A expulsão dos materiais
Inicialmente a expulsão dos materiais ocorre a velocidades muito elevadas (até mesmo alguns km / s), mas, em seguida, se atenua até estabilizar em valores da ordem de 100 m / s.
O material (ejecta) são atirados para cima e fora cobrindo assim uma grande área em torno do local do acidente e forma as características típicas de coroas radiantes de algumas crateras lunares, mas que na terra em breve é mascarado pela erosão e pela  ópera de fenômenos atmosféricos e muitas vezes completamente escondida , juntamente com toda a estrutura da  cratera, pela ação dos fenômenos destrutivos geológicos (Figura C).

Figura C

 

Modificação
A modificação da fase da estrutura inicial da cratera criada pelo impacto (cavidades transitórios) pode ser visto numa perspectiva dupla: por um lado, de fato, podem ser considerados os fenômenos imediatamente após o evento e diretamente relacionado a ele, Por outro lado, no entanto, não se deve negligenciar outros processos que, embora não diretamente desencadeados pelo impacto, e caracterizado por os tempos de ação não é igualmente rápida, são causas de alterações não menos importante para toda a estrutura (Figura D).
O mais importante entre os processos diretamente provocados pelo evento do impacto e que ocorrem nos instantes imediatamente após a sua ocorrência, é a fixação isostática da estrutura.
É evidente, de facto, que, logo diminui a ação de compressão sobre as rochas abaixo da área do queda, estes tendem a voltar para a posição inicial (um ressalto elástico real) reduzindo em parte a profundidade da cavidade transiente; este fenômeno, no caso de impactos de grandes dimensões, pode resultar na formação de uma estrutura central (pico central) ou em uma estrutura mais complexa de anéis concêntricos levantados (bacia de multi-anel).
Isto não é automático, de facto, que as crateras de impacto têm a forma característica como a Cratera de meteoro no Arizona “em forma de tigela” e diz-se que as estruturas mais complexas são encontradas somente na Lua ou em outros planetas.
Mesmo na Terra existem crateras de impacto que são caracterizadas por um pico central e instalações multi-anel, mesmo se eles são certamente mais difícil de “ler” do que aqueles  flagrantes encontrados na Lua.

Figura D

 

Meteor Crater

 

Como vimos, em seguida, após o impacto de um meteorito na superfície da Terra, uma grande quantidade de poeira, cinzas e detritos é lançada na atmosfera.
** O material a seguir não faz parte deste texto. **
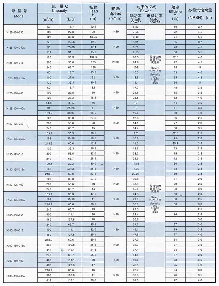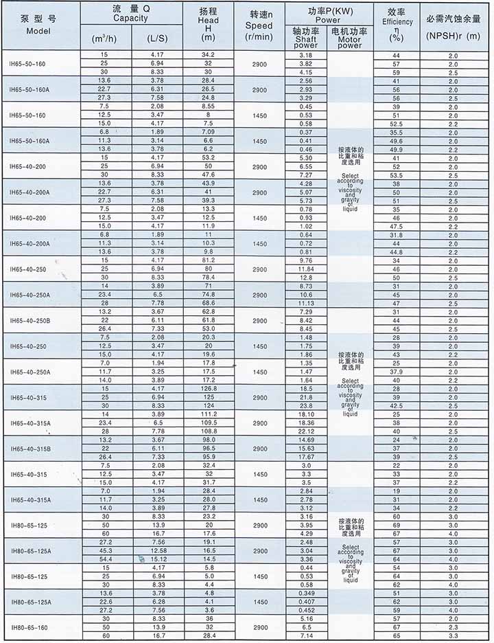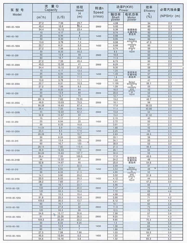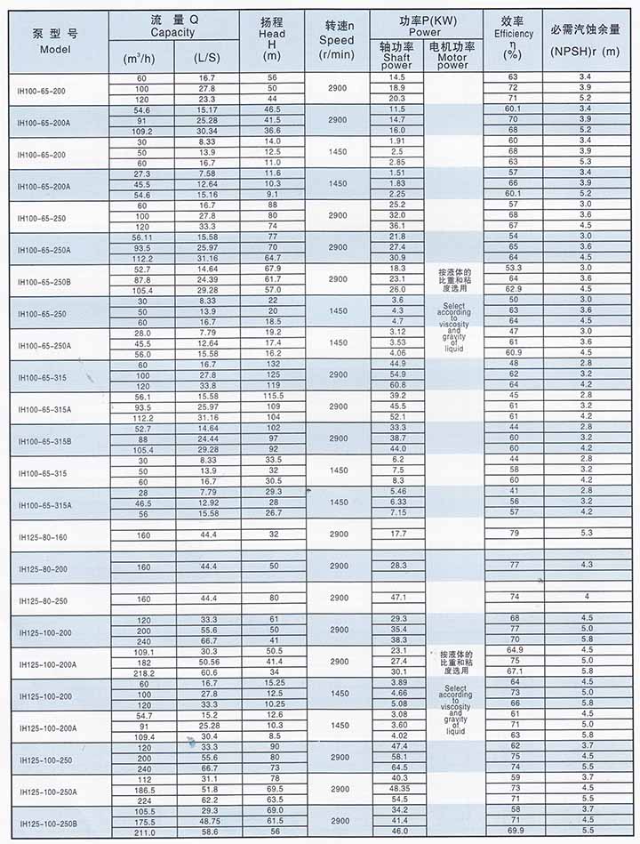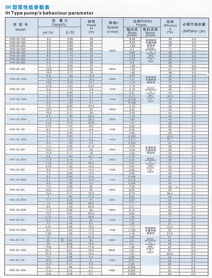 概述: IH型泵是單級單吸(軸向吸入)耐腐蝕離心泵,供輸送不含固體顆粒、具有腐蝕性、粘度類似水的液體。介質(zhì)溫度為-20℃~105℃,需要時(shí)采用冷卻措施溫度可更高。適用于石油、化工、冶金、電力、造紙、食品、制藥和合成纖維等部門。 性能范圍: 流量Q 0.3-400m3/h 配帶功率0.55-90kw 揚(yáng)程H 5-125mm 進(jìn)口直徑32-200mm 轉(zhuǎn)速n 2900、1450r/min 最高工作壓力1.6MPa IH型泵是全國泵行業(yè)采用ISO2858國際標(biāo)準(zhǔn)聯(lián)合設(shè)計(jì)的系列產(chǎn)品,具有性能范圍廣,效率高、“三化”水平高和維修方便等特點(diǎn)。 IH型系列泵有40個(gè)基本型,其中33個(gè)雙速(2900、1450r/min)經(jīng)過A、B兩種型式的葉輪直徑切割變型后,達(dá)112個(gè)規(guī)格。

E nós sabemos que uma grande quantidade de poeira na atmosfera cria uma tela à luz solar causando um resfriamento rápido.
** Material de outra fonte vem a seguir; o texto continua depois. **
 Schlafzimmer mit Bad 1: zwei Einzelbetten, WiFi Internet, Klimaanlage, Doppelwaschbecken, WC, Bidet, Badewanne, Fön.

Se o efeito inicial de poeira atmosférica e cinzas é causar uma diminuição da temperatura, a seguinte situação vai ser marcado por um aumento drástico na sua causa a partir do início do mecanismo do efeito de estufa.
O aumento resultante no vapor de água na atmosfera contribuirá, por sua vez para aumentar ainda mais o efeito estufa, prolongando efeitos também para muitos milhares de anos.

 

Deixo isso para você em devida consideração ….

2 Comments

  1. Antonio Gomes
    Posted 31 julho 2015 at 9:36 PM | Permalink

    Falar em meteorito ou outra coisa. Vejam isto:”Um possível meteoro surpreendeu gaúchos, argentinos e uruguaios na noite desta quinta-feira. De acordo com a MetSul Meteorologia, o objeto voador não identificado (Ovni?) foi observado ao cruzar os céus do Sul do Brasil, Uruguai e Argentina. Ele era bem grande e formou uma luz esverdeada com um rastro de fogo curto ,despois sumir da vista, houve um grande estrondo na localidade de Berazategui , na Argentina. O povo de lá sentiu até um pequeno tremor nas vidraças e chão

    • Posted 31 julho 2015 at 11:27 PM | Permalink

      Temos apenas a notícia do impacto de um meteorito perto de Qazvin, no Irã, em não uma distância muito grande da capital do estado do Irã Teerã.A notícia do meteorito no Irã acaba de ser confirmada por todas as principais agências de notícias iranianas, muitos dos quais falam de um prejuízo grave O lugar onde o meteorito teria caido é a Abhar, província de Zanjan.

      É quase certo que um meteorito muito grande (pode ser mais de dois metros de comprimento, este afirmam os jornais iranianos) porque existem inúmeras cidades afetadas por este impacto, com janelas explodidas e dispositivos elétricos danificados.